If tools store or access data outside the EEA, we implement Article 44–49 GDPR mechanisms: Standard Contractual Modules, adequacy decisions where available, or derogations only when strictly necessary (for example one-off contractual performance at your express request).

Transfers to the United States follow the EU-U.S. Data Privacy Framework adequacy decision only when a certified recipient is properly listed; otherwise SCCs remain in force. Impact assessments accompany riskier combinations and are refreshed when vendor practices materially change.

Section 07

Retention periods

General inquiry emails are deleted or anonymised within twenty-four months after the last substantive message unless a longer period is required to assert, exercise, or defend legal claims. Contractual documents, accounting vouchers, and tax-relevant correspondence follow German commercial and tax law retention, often up to ten years for specific records. Technical logs on infrastructure rotate according to supplier defaults, tuned downward through negotiation where feasible.

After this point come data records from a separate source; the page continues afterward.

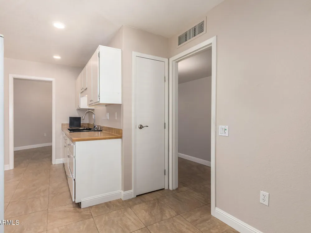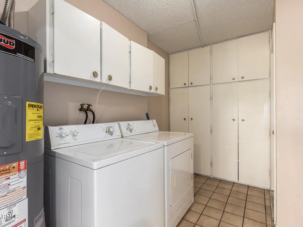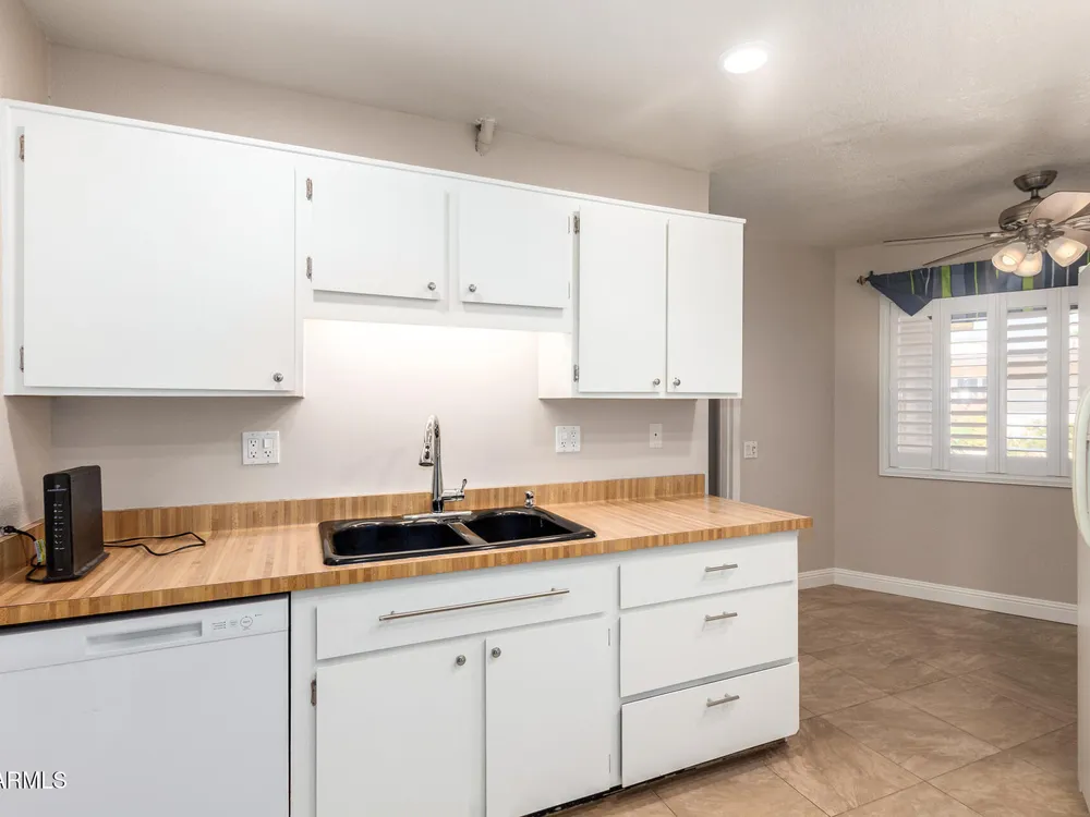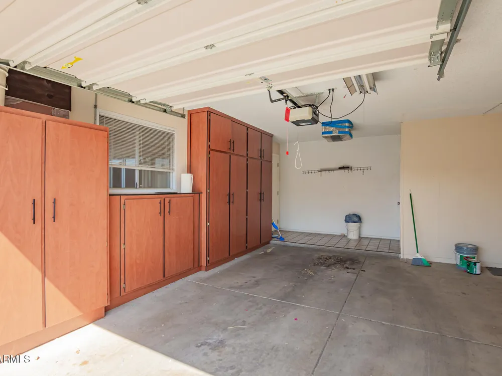 Bright, cheerful, and full of charm—this beautifully maintained Sun City condo has it all! Skylights flood the space with natural light, and the fully insulated Arizona sunroom offers the perfect spot for morning coffee or evening relaxation. You'll love the updated tile floors, 4'' baseboards, stylish lighting, and refreshed bathroom. Enjoy the convenience of inside laundry, newer dishwasher, and a bonus space ideal for an office or hobby room. Storage is plentiful with hallway closets, garage cabinets, and built-ins in the laundry room. Newer roof (2020) and exterior paint (2018).
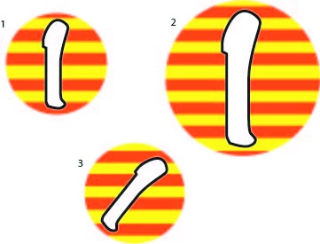 In the image below the pattern looks a bit blurry but you can see number 1 is the original image, number 2 is where I enlarged the circle but the pattern stays the same size and number 3 I rotated the circle but the pattern doesn't rotate. It's locked and I cannot resize it nor rotate it. I want the lines to be diagonal.
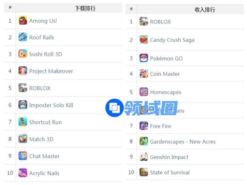 据App Annie发布的12月美国手游指数,《Among Us!》和《ROBLOX》分别是下载量和收入的第一名。
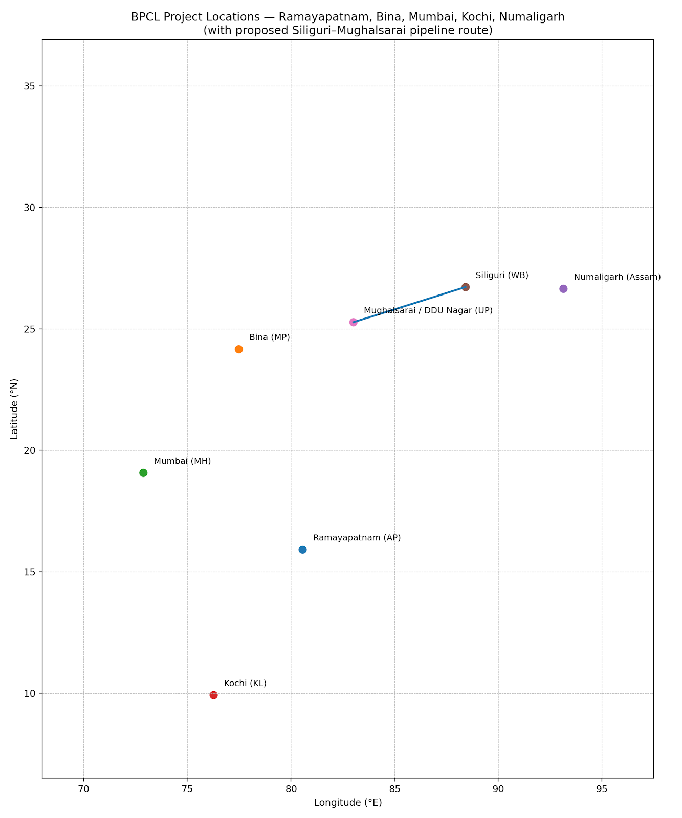 | Siliguri–Mughalasarai Product Pipeline | Multi-product pipeline (MS, HSD, ATF) supporting BPCL–OIL–NRL logistics integration | ~₹35 billion (≈ US $0.4 billion) | Mid-to-late 2020s |
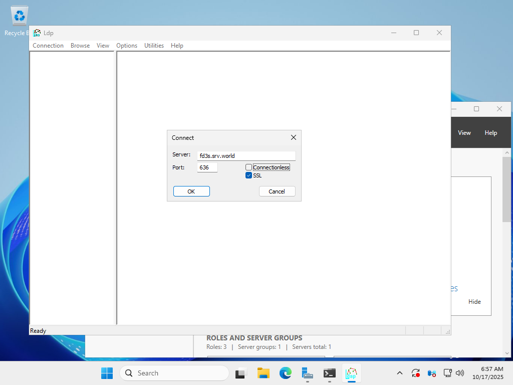 | [4] | 再起動後、PowerShell 等から [ldp.exe] を起動し、[connection] - [connect] を開くと以下の画面になります。 ここで、[Server] の項目には AD ホストを FQDN で入力、[Port] には [636] を指定、[SSL] にチェックを入れて、[OK] します。 |
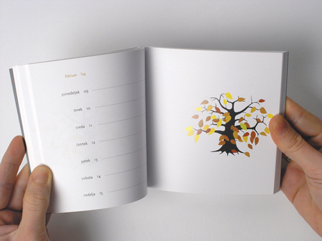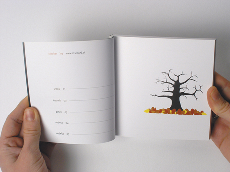Flip Book Calendar This calendar booklet contains a lovely flip book animation of a tree losing its leaves. It’s a nice and simple vector illustration and the type work on the cover is beautiful as well. It was designed by Tomato Kosir, who has a lot more fantastic design work in his portfolio. Designer : Tomato Kosir+ website Size : Client : Youth service Kranj Production Method : |
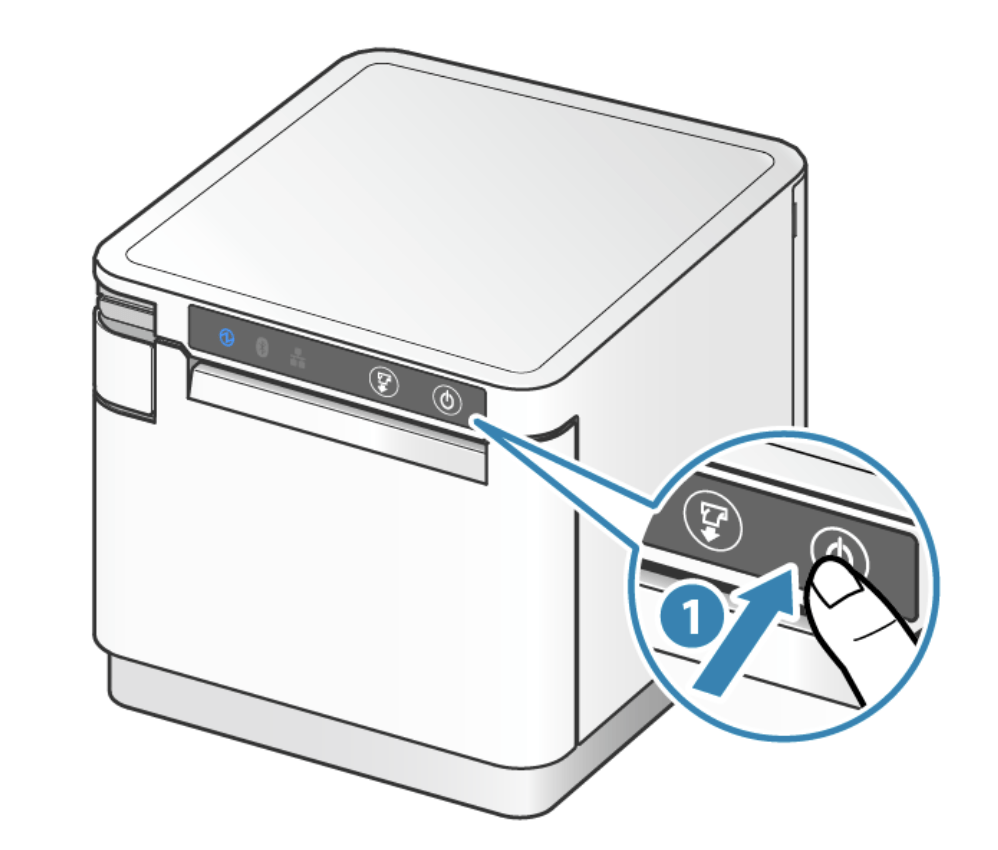 Le bouton d'allumage se trouve en haut à droite de la face avant de l'imprimante.
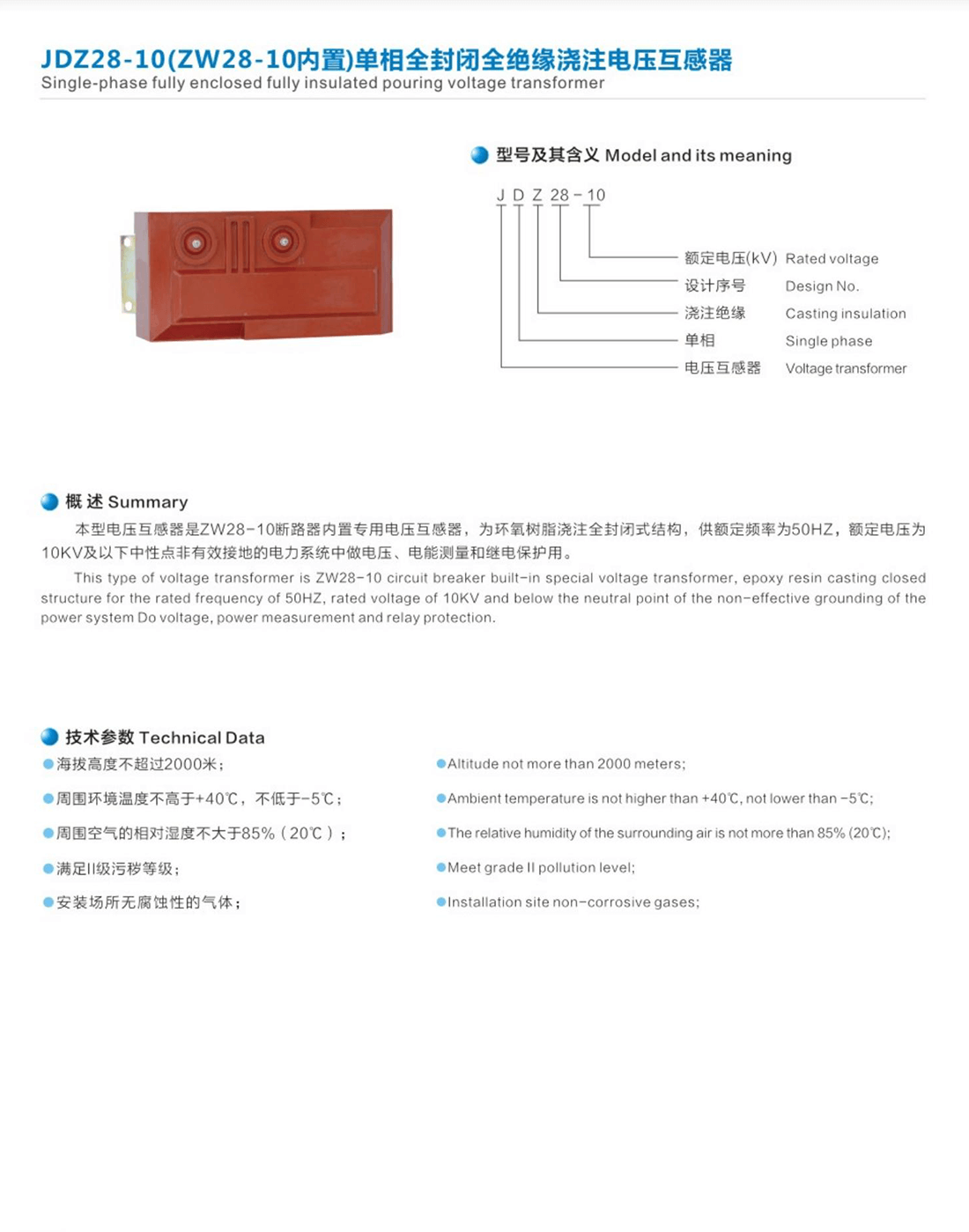 JDZ28-10(ZW28-10內(nèi)置)單相全封閉全絕緣澆注電壓互感器
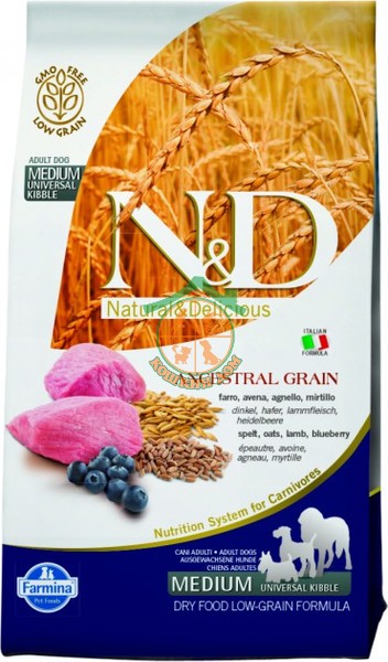 Корм N&D Dog корм Ягненок-Черника(Lamb & Blueberry) Adult Medium&Maxi 12 кг низкозерновой (2858)
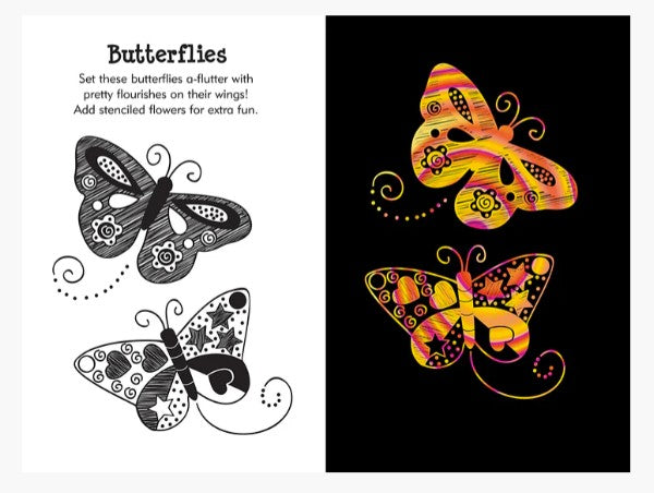 This is a Trace-Along Scratch and Sketch! White outlines on black scratch-off pages create a fun way for younger children (5 and up) to trace the pictures, revealing patterns, swirls, and holographic colors.
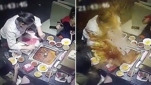 สยอง!! นาทีหม้อไฟระเบิดใส่หน้า พนักงานคีบหาไฟแช็กให้ลูกค้าในหม้อ โดนลวกสาหัส (คลิป)
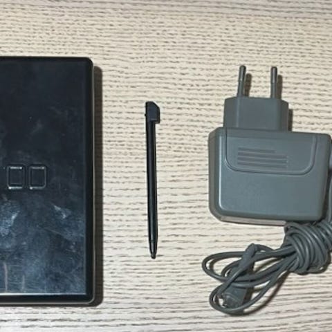 Nintendo DS Lite konsoli, virtalähde ja kynä.
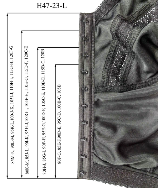 Застібка бюстгальтеру спереду на гачки і петлі в один ряд, висота застібки змінюється в залежності від розміру виробу.
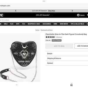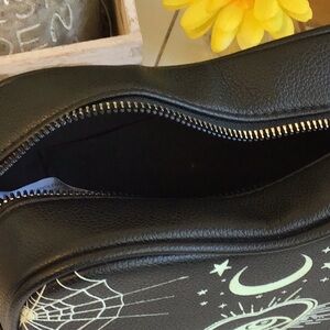 This NWOT Hot Topic Glow-in-the-Dark Figural Heart Shaped Crossbody has hardware of silver tone, shell is non-leather/lining is 100% Polyester and it closes w/a large tooth metal zipper. Inside is a 3 1/2”H open pocket and its s/s is chain/1”W strap. But its glow-in-the-dark feature is what makes it so fun!
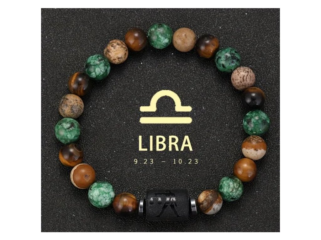 Astrologický náramek s přírodními kameny - unisex - znamení Váhy 23.9 - 23.10.
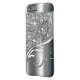 Este elegante, atractivo. vides afiligranadas del diseñador del iPhone del caso de la plata glamorosa de las características en un fondo del purpurina y del metal plateado de plata. Productos a juego disponibles. Para las preguntas/las peticiones, correo electrónico: cheryl@cheryldanielsart.com. Diseño original de las "vides afiligranadas" por el © 2014 de Cheryl Daniels.

Consent logs for optional cookies are stored up to twelve months to demonstrate compliance, unless your browser clears storage earlier. Marketing suppression lists, if introduced, persist longer to honour unsubscribe choices.

Section 08

Security measures

Controls are layered: transport encryption for public endpoints, role-based access with periodic review, principle of least privilege, MFA on administrative accounts where supported, vendor security questionnaires for material processors, and incident logging with escalation templates aligned to Article 33–34 GDPR where a qualifying breach arises.

No online system is immune. If a breach likely risks your rights, we notify the competent supervisory authority without undue delay and communicate to you when required. We test restoration procedures for critical datasets.

Section 09

Your rights under the GDPR

You may request access (Article 15), rectification (Article 16), erasure (Article 17), restriction (Article 18), data portability for data processed by automated means under contract or consent (Article 20), and object to processing based on legitimate interests or for direct marketing (Article 21). Withdrawing consent does not affect prior processing lawfulness. Automated decision-making that produces legal or similarly significant effects is not used for coaching sales without human oversight; if tooling evolves, this section will update before deployment.

Requests are generally answered within one month, extendable by two further months where complex, with reasons provided. Identity verification must remain proportionate and not excessive.

Section 10

Supervisory authority

You may lodge a complaint with a supervisory authority in your Member State of residence, place of work, or the place of the alleged infringement. For Berlin-based processing, the Berlin Commissioner for Data Protection and Freedom of Information is a frequent contact point, without prejudice to competence rules.

We prefer resolving questions directly first; escalation remains your prerogative at any time.

Section 11

Children

Public marketing pages assume adult readers. Offers directed at minors, if any, require verifiable parental authority under applicable national rules before contract conclusion. If you believe a child submitted data without proper consent, notify us promptly so we can delete information absent a lawful retention duty.

Section 12

Profiling and future tools

Today, optional analytics may aggregate visit paths without individual scoring for pricing. If we introduce personalisation that materially evaluates preferences for contract decisions, we will provide transparent logic, significance, and human intervention rights before activation.

Section 13

Updates and related documents

We revise this Policy when processing operations, legal interpretations, or regulator guidance change. Continued use of the website after substantive revision notice does not by itself imply consent where consent is the required basis; contract-specific changes follow individual notices.

Companion documents: the Cookie Policy, Terms of Use, and Impressum provide adjacent context for visitors in Germany and the broader EU.